Okay, great. Thanks for that. And then on the Retail energy side of the business, wondering if you could give an update on how customer retention and overall customer additions were trending in the quarter. And curious if you've seen any new entrants start to pop up, particularly in ERCOT, and any kind of change in the competitive landscape there recently.
Sure. I'll pass it over to Elizabeth, but I will say that, you know, our KPIs on our retail energy business are pretty much in line with our expectation, including customer growth. But Elizabeth, could you provide more details?
Sure. Thanks, David. We actually saw really strong customer retention rates consistent with last year's performance, consistent with what we expected in the budget. And for customer acquisition, we have a little bit of overperformance for the quarter. And we're really building that momentum to achieve that low single-digit customer growth between year end 2022 and 2023. As far as competitive landscape, we see a normal, healthy competitive market in Texas. It's pretty consistent that every year we'll see a new player, you know, add billboards in the market or start doing something. different, but there isn't anything materially different. We do see, you know, competitors like Shell and others that are larger competitors, which we appreciate because overall that strengthens the market. But our performance is strong and our leading digital experience and leading customer acquisition and retention help us win in the marketplace.
Okay. Thanks. Really appreciate it. Thank you.
One moment for our last question. Our final question comes from Ryan Levine of Citi. Please go ahead.
Good morning. Good morning, Ryan. Good morning. What drove the monthly recurring net service cost per search per subscriber reduction by 22%. And was that largely in line with what you're anticipating or is there any outside movements this quarter?

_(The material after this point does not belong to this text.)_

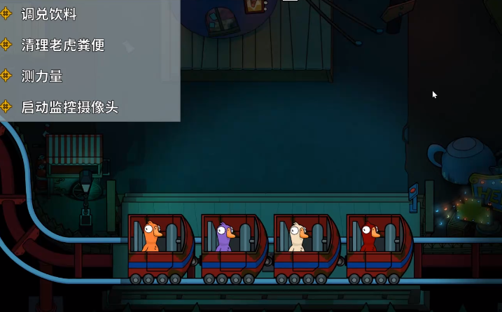 在嘉年华模式中,狼阵营共有五项核心任务:关灯、关门、擦车轮、启动千里眼、寻找铃铛。其中,“关灯”任务需前往实验室定位电机装置并触发断电,使鹅阵营视野受限;执行时须规避目击风险,建议采用单线行动或双人掩护配合。“关门”则要求抵达应急中心完成操作,成功后可将地图划分为独立区域,有效分割鹅阵营行动路径,增强围猎效率。

Yeah, Ryan, so the primary drivers of that reduction, about 50% of that really is a function of fewer truck rolls and reduced supply chain constraints. We probably realized about 25% fewer truck rolls than we had in the past. The other 50% or the other 50% of the favorability really results from the ending of our payments to alarm.com, which, you know, which had started towards the second half of last year.

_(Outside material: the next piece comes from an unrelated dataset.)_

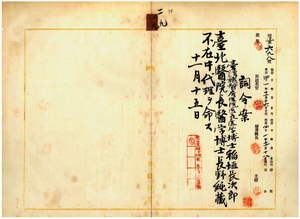 二九 台北医院長医学博士長野純蔵ノ内申ニ依リ台湾総督府医院医長稲垣長次郎ニ台北医院長長野純蔵不在中ノ代理ヲ命ス

Is the Q2 23 number more likely to continue on a go-forward basis? Are there any trends that we should look for as we look into forecast factors?
Yes, so Rasheesh, why don't you take that one?

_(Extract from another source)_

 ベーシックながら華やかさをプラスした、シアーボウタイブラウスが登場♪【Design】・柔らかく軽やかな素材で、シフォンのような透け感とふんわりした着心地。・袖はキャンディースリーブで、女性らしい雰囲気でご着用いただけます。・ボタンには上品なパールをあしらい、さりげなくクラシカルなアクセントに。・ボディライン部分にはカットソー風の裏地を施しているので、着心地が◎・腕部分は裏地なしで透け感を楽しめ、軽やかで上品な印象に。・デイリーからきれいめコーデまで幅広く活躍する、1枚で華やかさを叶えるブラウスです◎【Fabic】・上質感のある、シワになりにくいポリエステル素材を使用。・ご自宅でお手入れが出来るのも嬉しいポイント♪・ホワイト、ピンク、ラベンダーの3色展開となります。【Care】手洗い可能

Yeah, you bet. We feel very good about, you know, where net service cost per subscriber is. And we would expect, you know, the current rate at which we are to continue. The favorability we've seen is durable. And it's a perfect thing when you see customers buying more products and you see higher penetration of your service. while simultaneously you see the cost to serve going down, and that's exactly what's driving the margin expansion. And so we feel really good about the trends, and we think that it's sustainable.
So if I'm hearing you correctly, you continue to see fewer truck rolls and decreasing number of truck rolls on a go-forward basis as a driver, or am I misinterpreting that?
That's right. So we look at this on a per customer basis and we would expect to see this lower rate that we've achieved for both contact rate calls as well as truck rolls to continue. We recently started a virtual technician pilot, which really allows us to serve the customer's needs without ever rolling a truck. And we're seeing very promising results from that. And so this is This is sort of a new benchmark for the business.
Thanks for the clarity.
Thank you, Ryan.
Thank you. I would now like to turn the call back to Mauricio Gutierrez, President and CEO, for closing remarks.
Thank you, Jada, and thank you, everyone, for your interest and your time today, and I look forward to speaking with all of you in the days and weeks to come. Thank you.
Ladies and gentlemen, thank you for your participation in today's conference. This concludes the program. You may now disconnect.